= Chief visibility officer =

A chief visibility officer (CVO) or director of visibility is an individual appointed to oversee all aspects of performance across retail stores, corporations or organizations as part of the C-Suite of executives. The role of the CVO emerged to manage the integration of ideas, disciplines, technologies and people focused on elevating retail enterprise visibility. The title is commonly associated with retail loss prevention leaders and professionals who maintain the highest position in security management and maintain the security operations in the store to achieve a high level of visibility.

==Role==
The CVO is focused on security systems as they contribute to higher profits and elevated store performance levels. The importance of the CVO position has risen as criminals and organized retail crime grows more sophisticated in thwarting security solutions.

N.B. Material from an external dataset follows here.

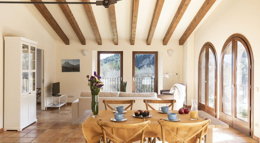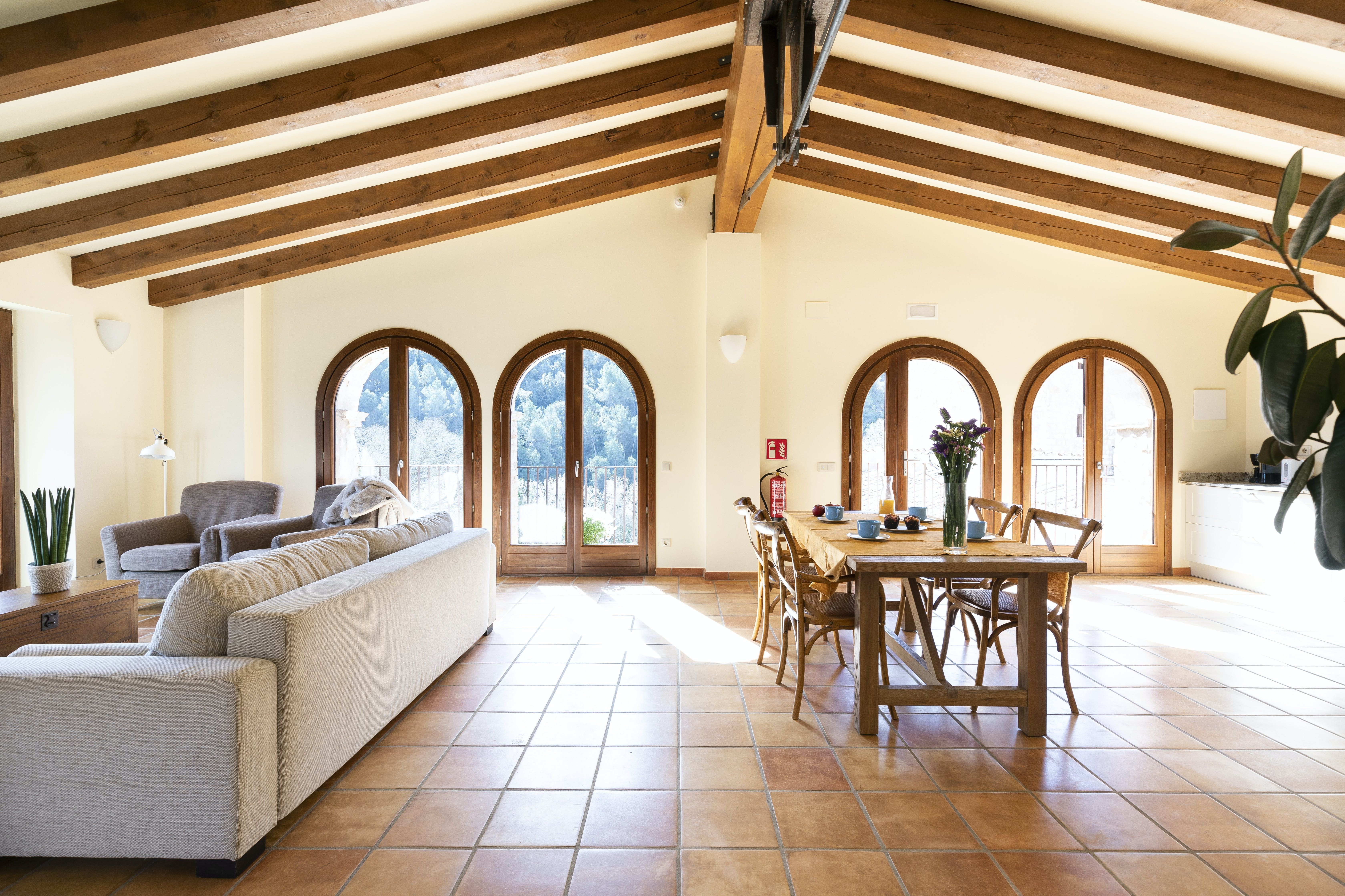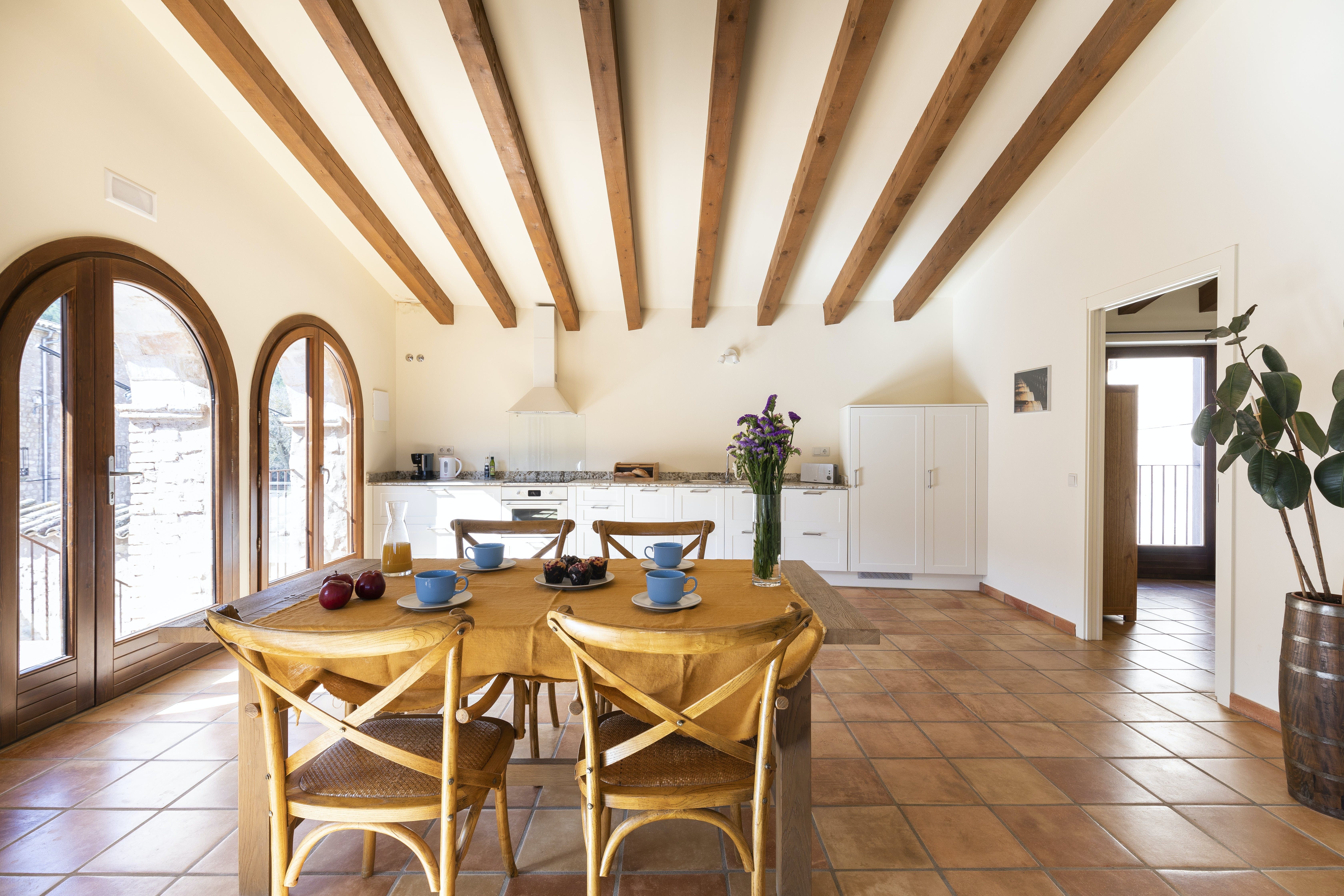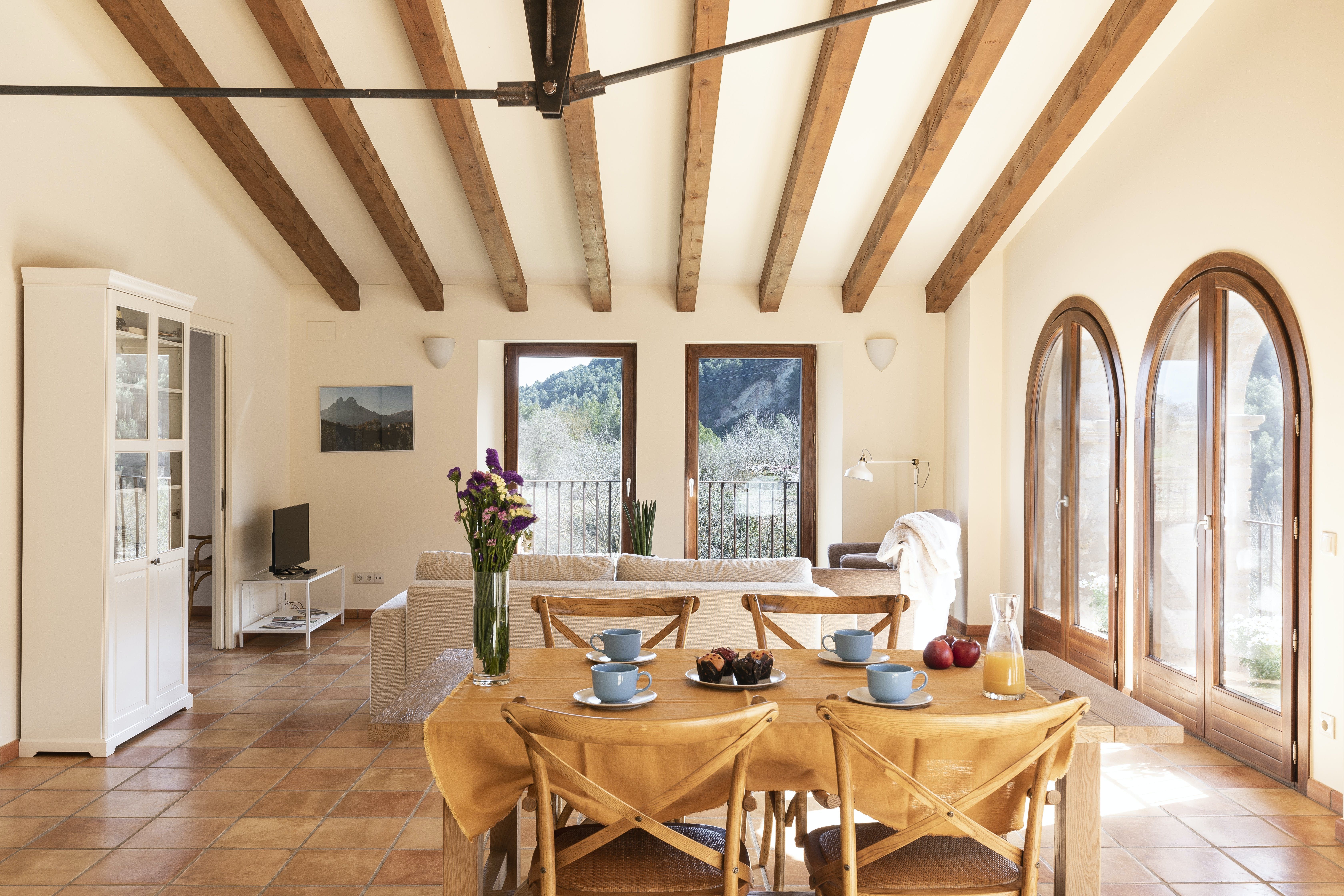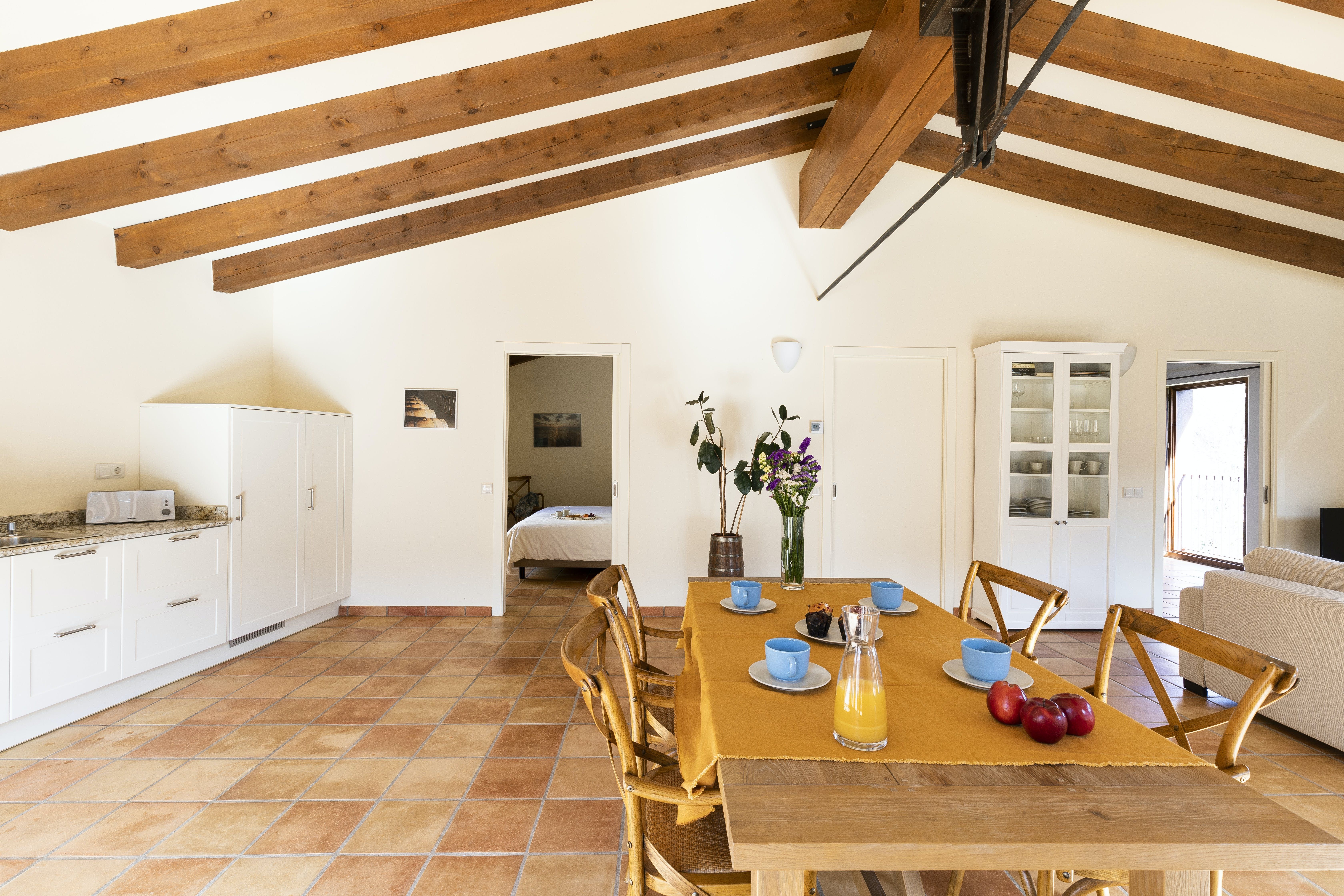 The apartment itself is sun-bright with old arched windows letting the light stream in, along with beautiful views of the green hills. Wooden beams line high ceilings and the living area is an open, breezy spot to unwind and socialise. Terracotta floor tiles keep things cool underfoot throughout, and bedrooms come with stunning country views from big, ancient windows. Should you want to make the most of your natural surroundings, enjoy long lazy lunches on the covered terrace with nothing but birdsong as your soundtrack.

According to the Centre for Retail Research Global Retail Theft Barometer 2011 study, Total global shrink in 2011 cost retailers $119.092 billion, an average of 1.45% of global retail sales. The shrinkage rate was an average of 6.6% higher than 2010. The losses are said to cost each family $199.89 per that year. Working with security integrators to achieve maximum visibility into what takes place in a retail store on a daily basis allows the CVO to impact not only shrinkage numbers, but also to improve store operations. This approach was cited by the University of Leicester study on Effective Retail Loss Prevention, 10 Ways to Keep Shrinkage Low where it was noted that among the keys to reducing shrinkage in an organization included establishing a senior management commitment, ensuring organisational ownership, embedding loss prevention into the business and providing strong leadership.

==Challenges==
Shrinkage can occur in a number of different areas for a retailer: employee theft, including sweethearting shoplifting/organized retail crime, administrative error and vendor fraud. The goal of a CVO is to maximize business profits by reducing losses. To accomplish this objective, CVOs analyze the full spectrum of store operations from employee and customer behavior to vendor and supplier patterns and supply chains. Integrated technologies can provide a comprehensive picture of customer behavior, staffing needs and merchandising trends, in addition to preventing losses for the store. The CVO must be in touch with core challenges across an organization to implement and integrate security solutions tailored to protect its unique vulnerabilities. According to securitysales.com retailers are looking beyond standalone technology like electronic article surveillance (EAS) systems or cameras and access control and aiming to have visibility across the demand and supply chain.